Of course, this is all done with the intent of emulating an "amp in the room". I have little idea how it would work if I ran this exact patch FOH, but I don't think it would be disastrous by any stretch. (After all, at worst its an unmic'd cab sound?).
I'm able to make myself happy and shake the walls just the same as I used to with amp and cabs... only with the added perk of being able to play at talking volume and still enjoy the experience. (I never liked my analog / tube stuff quiet).

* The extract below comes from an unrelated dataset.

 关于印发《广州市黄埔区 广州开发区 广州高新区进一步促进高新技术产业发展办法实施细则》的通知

I don't miss having an analog amp and cab anymore. Occasionally I'll think "that would be fun!" - but quickly realize I wont use it much, or it would be a passing novelty I end up selling again eventually anyway. I already made the change once when I got the Helix.

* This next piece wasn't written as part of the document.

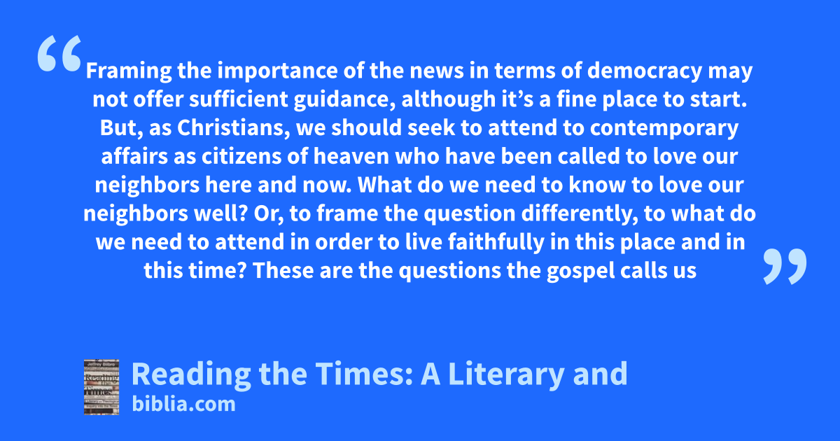Framing the importance of the news in terms of democracy may not offer sufficient guidance, although it’s a fine place to start. But, as Christians, we should seek to attend to contemporary affairs as citizens of heaven who have been called to love our neighbors here and now. What do we need to know to love our neighbors well? Or, to frame the question differently, to what do we need to attend in order to live faithfully in this place and in this time? These are the questions the gospel calls us

I think a lot of us are with you on this, but I can't dismiss the fact that there are "amp in the room" people who have tried all of these things and it still doesn't work for them.
I have to accept, though, that I'm wired differently than a lot of those guys. For example, WHY do they need all high frequencies to ALWAYS be nerfed?
Just because traditionally guitar cabs sucked with highs doesn't mean that once we figure out how to have them we keep them toast. I think it's just that they're used to them being toast. If we'd started out with full range speakers instead of the limited range cabs of the 50's, I have to assume we'd largely use fuller range guitar sounds in our modern era.
Yet, those frequencies often weird out old school players . . . so they get cut. I EVEN CUT THEM SO THEY DON'T lollipop ABOUT MY TONE, BUT THERE'S TIMES I THINK THEY SOUNDED BETTER THAT WAY.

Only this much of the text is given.